O ex-presidente trata como traidores republicanos que votaram a favor de seu impeachment neste ano no Congresso –muitos deles já foram punidos com retaliações da sigla nos estados, mas Trump seguirá medindo forças, como é de seu feitio.
Trump entrou em embate público com o líder do partido no Senado, Mitch McConnell, que votou por sua absolvição e, depois do veredito, justificou sua posição dizendo que o ex-presidente era responsável por provocar a invasão do Capitólio, mas não via respaldo constitucional para seu impedimento fora do cargo.
Apesar de absolvido, Trump promete vingança. A partir desta semana, inicia série de reuniões para traçar seus próximos movimentos políticos e fazer uma seleção dos candidatos alinhados à sua ideologia e que estão dispostos a atacar os que o querem mais distante da sigla.
Segundo o site Politico, o ex-presidente já recebeu seu ex-chefe de campanha Brad Parscale para discutir propostas de financiamento online e como usar as redes sociais apesar de seu banimento de Facebook e Twitter. Além disso, teve conversas com seu filho mais velho, Donald Jr., considerado um dos herdeiros políticos, e com o líder da minoria na Câmara, o deputado Steve Scalise.
A partir de agora, a ideia é criar um calendário formal para que os candidatos que queiram o apoio de Trump sejam recebidos pelo ex-presidente e sacramentem seu comprometimento com o trumpismo. Ele já expressou suporte a dois de seus mais leais aliados, a presidente do Partido Republicano no Arizona, Kelli Ward, que deve concorrer ao governo do estado, e a ex-secretária de imprensa da Casa Branca Sarah Sanders, que já anunciou que vai disputar o governo no Arkansas em 2022.
Esses e outros nomes receberão dinheiro de uma espécie de fundo de campanha de Trump, que conta com milhões de dólares em caixa e um banco com dados de milhões de americanos –Trump teve 74 milhões de votos na eleição do ano passado, mais de 10 milhões a mais do que em 2016.

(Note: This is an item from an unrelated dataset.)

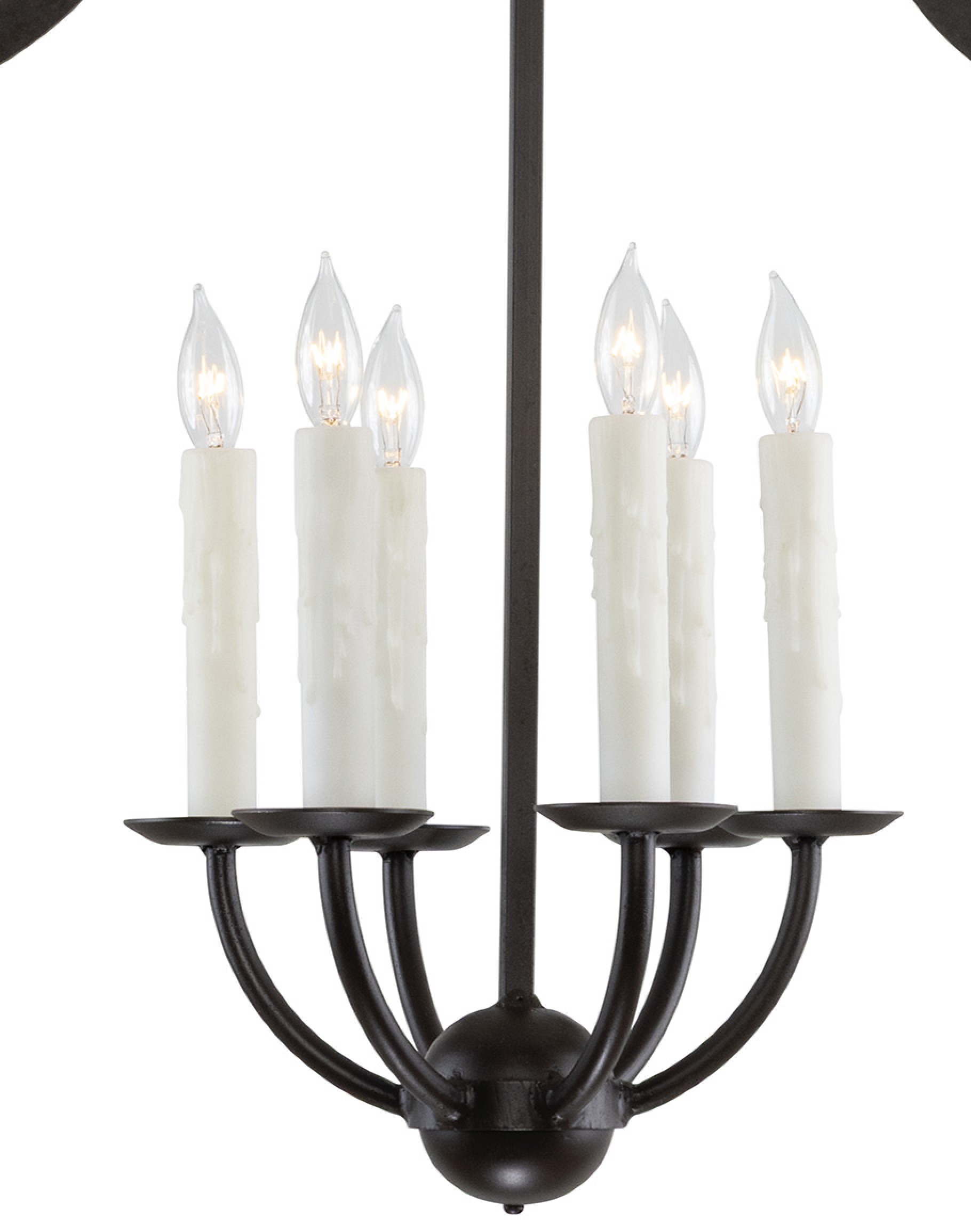 Suspended at the center is a classic six-light candelabra. The upward-swept arms rise from a round central hub and support detailed bobeches and ivory drip candle sleeves, creating the look of real wax candles with flame-tip bulbs. The open cage design preserves sightlines and highlights the negative space around the candelabra, delivering warm, ambient light without feeling visually heavy—perfect for an entryway, dining room, or vaulted great room.

Muitos desses eleitores estarão na plateia do encerramento da Cpac. Trump deve argumentar que muitas de suas previsões sobre o governo Biden já se tornaram realidade e se ancorar na tese de que quem o ataca está atacando a base republicana, alimentando o sentimento de ódio de seus apoiadores. Mesmo que ainda não tenha decidido se vai ou não concorrer em 2024, Trump quer se manter como a principal referência republicana e evitar que outro nome da sigla ganhe tração política nos próximos anos.

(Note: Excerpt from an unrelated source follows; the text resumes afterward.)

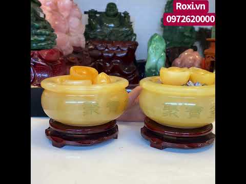 Bát tụ bảo ngọc hoàng long với hình dáng giống như chiếc bát và bên trong lòng bát chứa thạch anh, ruby và nén vàng. Bát tụ bảo được chế tác từ ngọc hoàng long tự nhiên nguyên khối với màu vàng biểu tượng của tài lộc, giàu sang và phú quý.
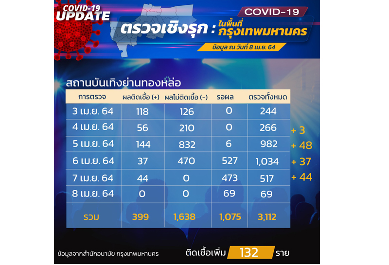วันนี้ (8 เม.ย.64) เมื่อเวลา 19.30 น. กรุงเทพมหานคร โดยสำนักงานประชาสัมพันธ์ รายงานผลการตรวจเชิงรุก สถานบันเทิงย่านทองหล่อ ระหว่างวันที่ 3 – 8 เม.ย. 64 พบผู้ติดเชื้อเพิ่ม 132 ราย โดยที่ผ่านมามีผู้เข้ารับการตรวจคัดกรองแล้วทั้งสิ้น 3,112 ราย ซึ่งในจำนวนนี้พบติดเชื้อ โควิด 399 ราย ไม่พบเชื้อ 1,638 ราย และ อยู่ระหว่างรอผล จำนวน 1,075 ราย

Criada em 1973, a Cpac era um guarda-chuva mais amplo para a direita dos EUA, mas se radicalizou ao trumpismo, assim como o Partido Republicano. Por mais que existam republicanos de perfil moderado, pesquisas mostram que grande parte dos eleitores da sigla ainda se escora na imagem e no discurso do ex-presidente –e a maioria dos parlamentares não quer arriscar perder essa fatia com eleições legislativas no ano que vem.

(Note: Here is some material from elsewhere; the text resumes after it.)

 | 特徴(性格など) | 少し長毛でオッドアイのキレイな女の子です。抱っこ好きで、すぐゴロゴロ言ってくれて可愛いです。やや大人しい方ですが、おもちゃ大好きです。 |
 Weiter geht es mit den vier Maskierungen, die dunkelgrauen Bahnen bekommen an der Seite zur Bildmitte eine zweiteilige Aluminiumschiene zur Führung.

Os republicanos têm controle do Executivo e Legislativo em 24 dos 50 estados americanos, e alguns analistas já preveem que a legenda pode retomar a maioria da Câmara em 2022 –hoje nas mãos dos democratas por uma margem pequena, 221 a 211 deputados. Trump sabe que não precisa do establishment partidário para se lançar candidato em 2024, mas precisa dar capilaridade ao trumpismo e manter a base sob sua influência até lá.
O imprevisível Trump pode, inclusive, não concorrer de novo à Casa Branca, mas manter viva a possibilidade –ou ameaça– de que sua candidatura é garantia de que, pelo menos por enquanto, ele estará onde mais gosta: no centro das atenções.